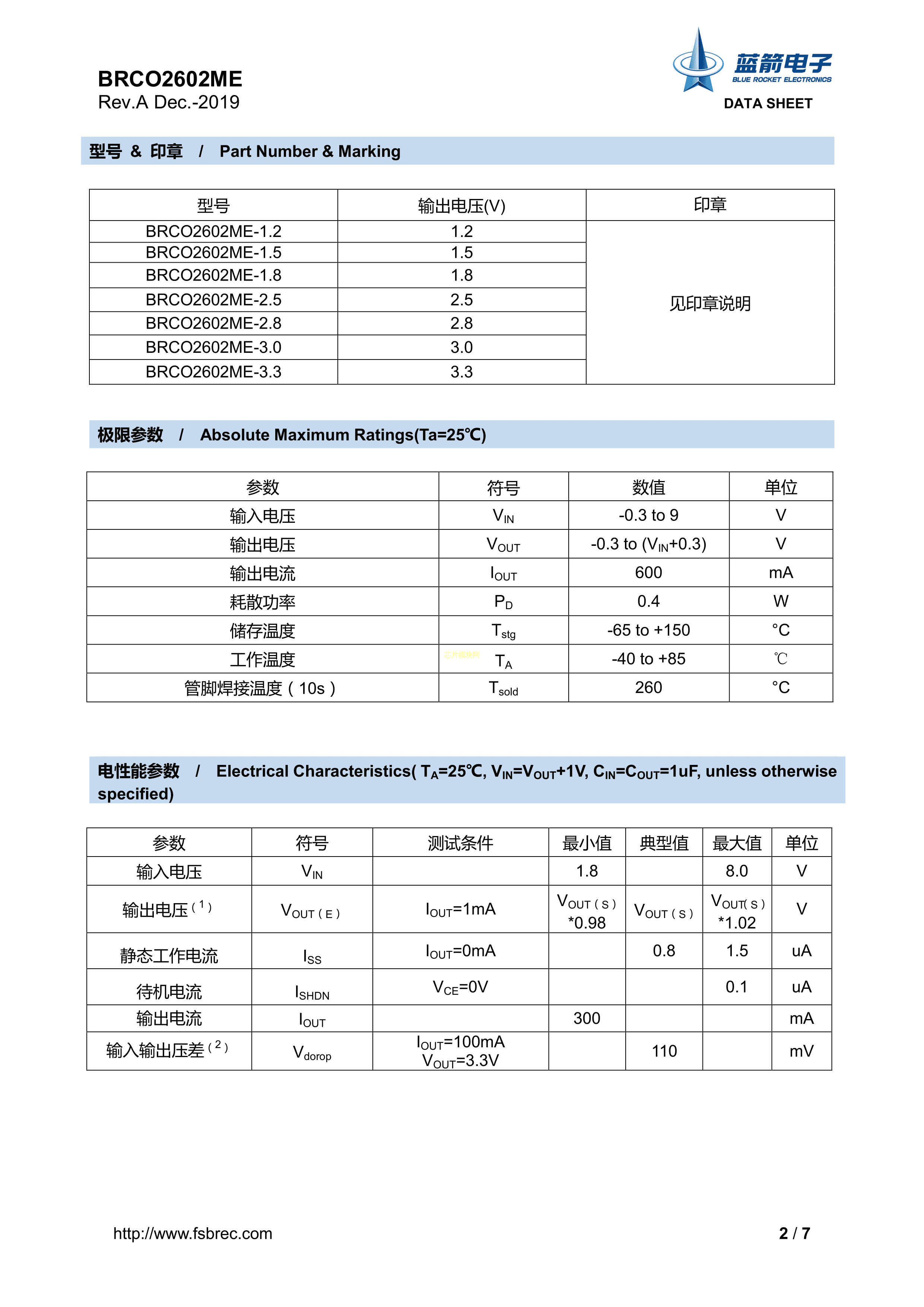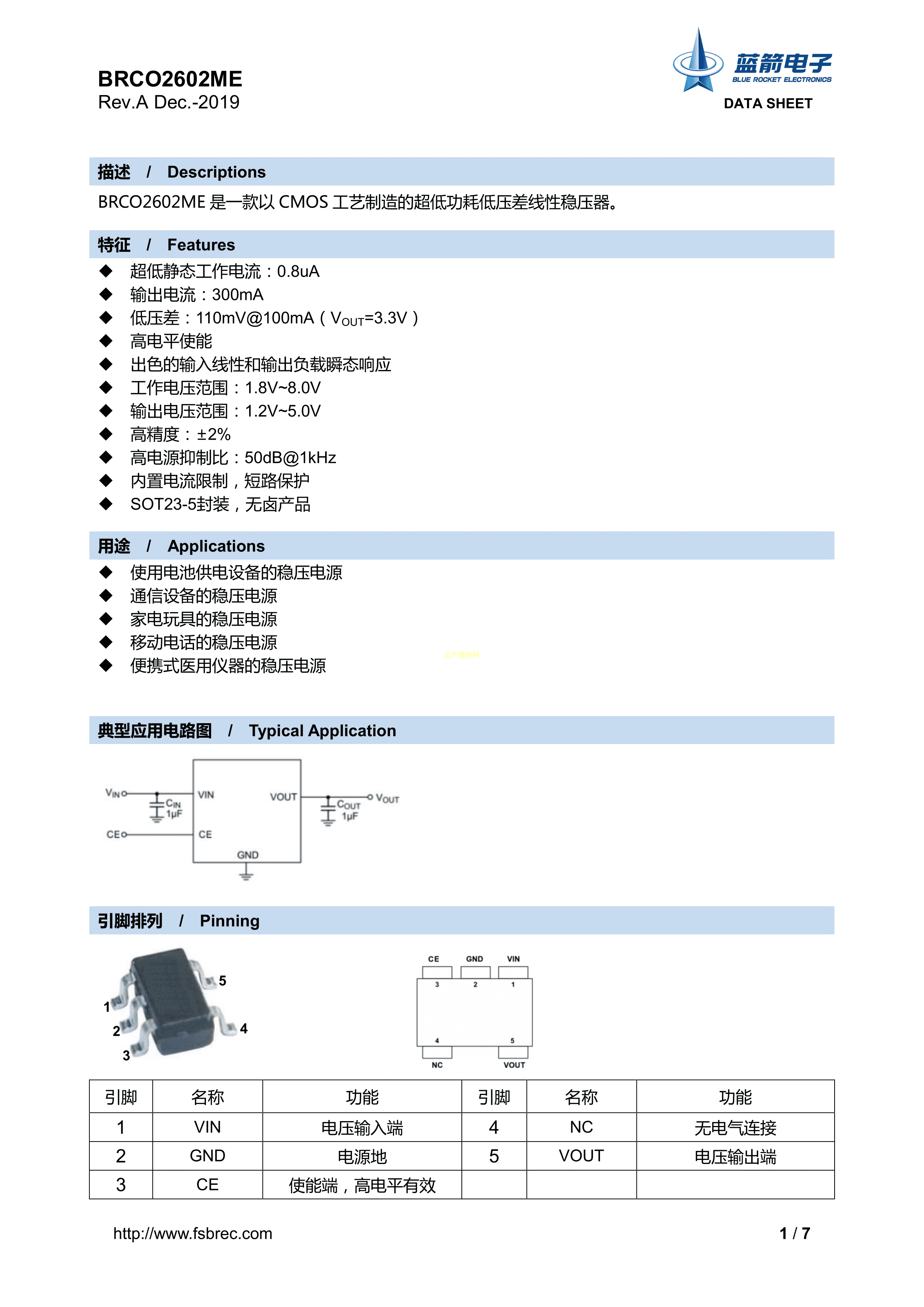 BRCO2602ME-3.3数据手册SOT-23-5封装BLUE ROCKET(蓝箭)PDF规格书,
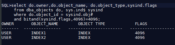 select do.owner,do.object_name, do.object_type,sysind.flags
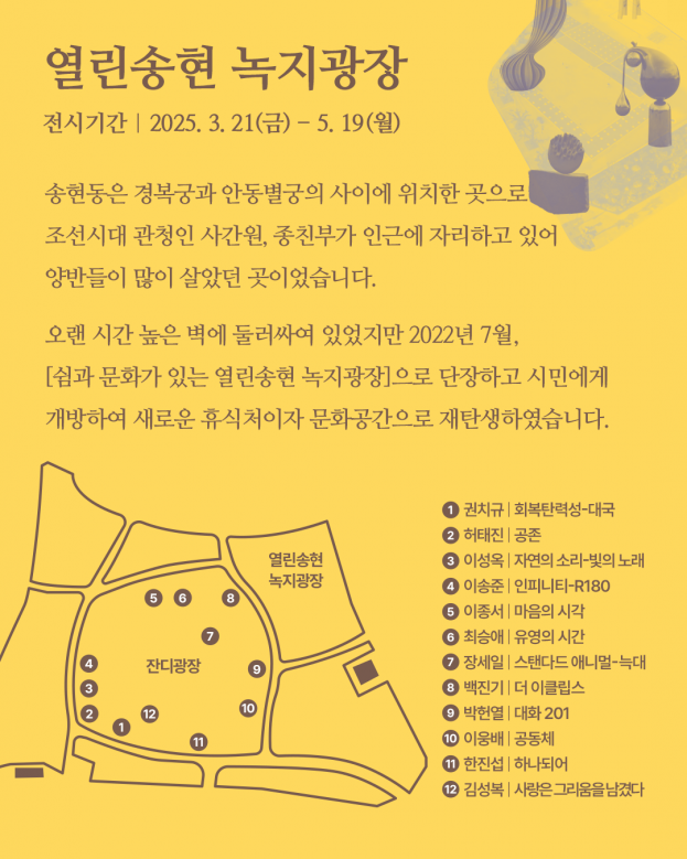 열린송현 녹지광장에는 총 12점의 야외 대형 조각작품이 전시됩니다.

---

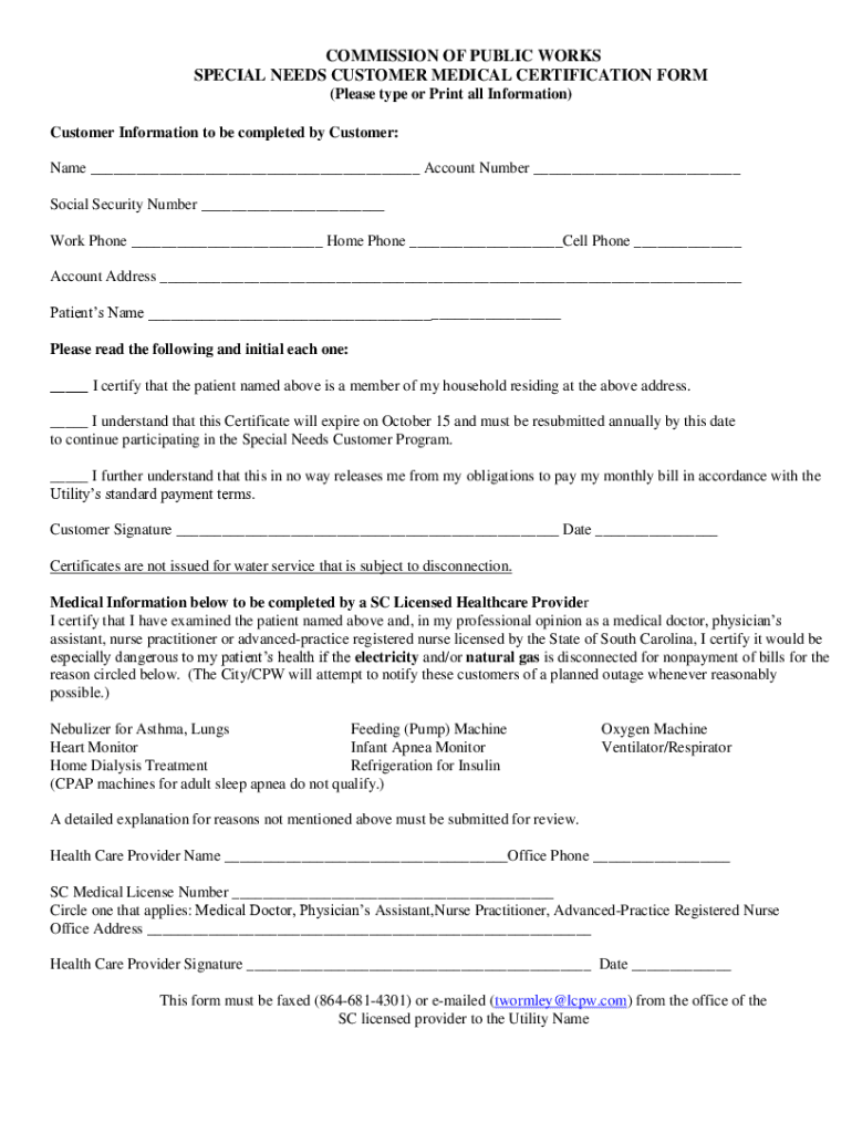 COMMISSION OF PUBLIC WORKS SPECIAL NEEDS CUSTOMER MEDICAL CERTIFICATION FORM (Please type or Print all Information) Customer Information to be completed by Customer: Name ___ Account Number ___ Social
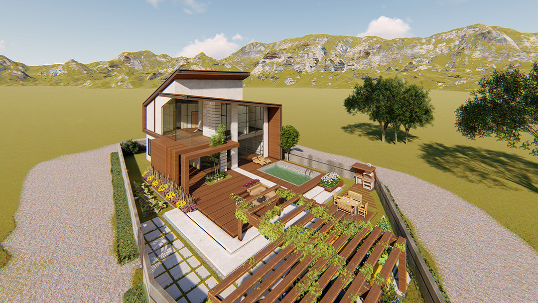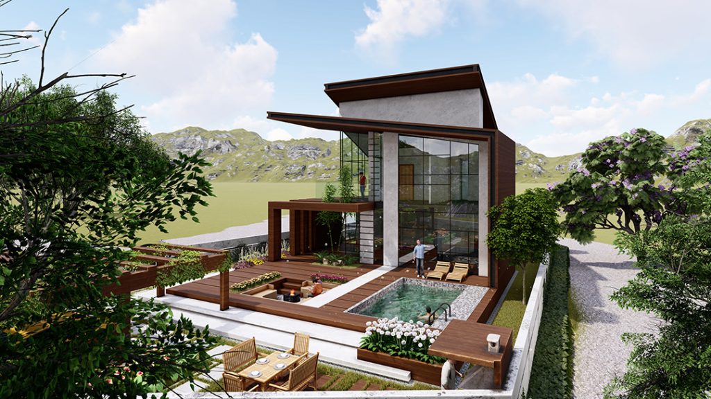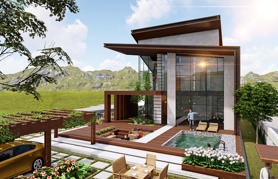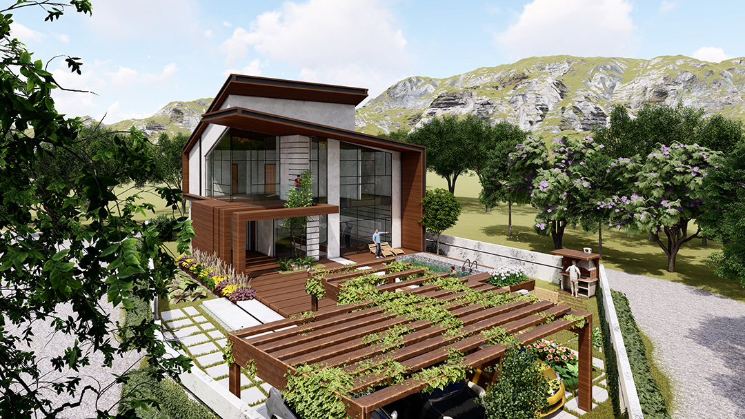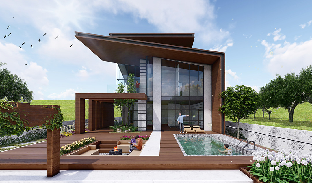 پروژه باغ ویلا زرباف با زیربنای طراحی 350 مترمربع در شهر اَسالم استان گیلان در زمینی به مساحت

_WORK ORDER_
Look above for the line with "BRCO2602ME-3.3" and the line with "열린송현 녹지광장에는 총 12점의 야외 대형 조각작품이 전시됩니다.", then copy exactly the lines from the first through the second, both kept, with no pictures.

_SOLUTION TO THIS EXERCISE_
 BRCO2602ME-3.3数据手册SOT-23-5封装BLUE ROCKET(蓝箭)PDF规格书,
 select do.owner,do.object_name, do.object_type,sysind.flags
 열린송현 녹지광장에는 총 12점의 야외 대형 조각작품이 전시됩니다.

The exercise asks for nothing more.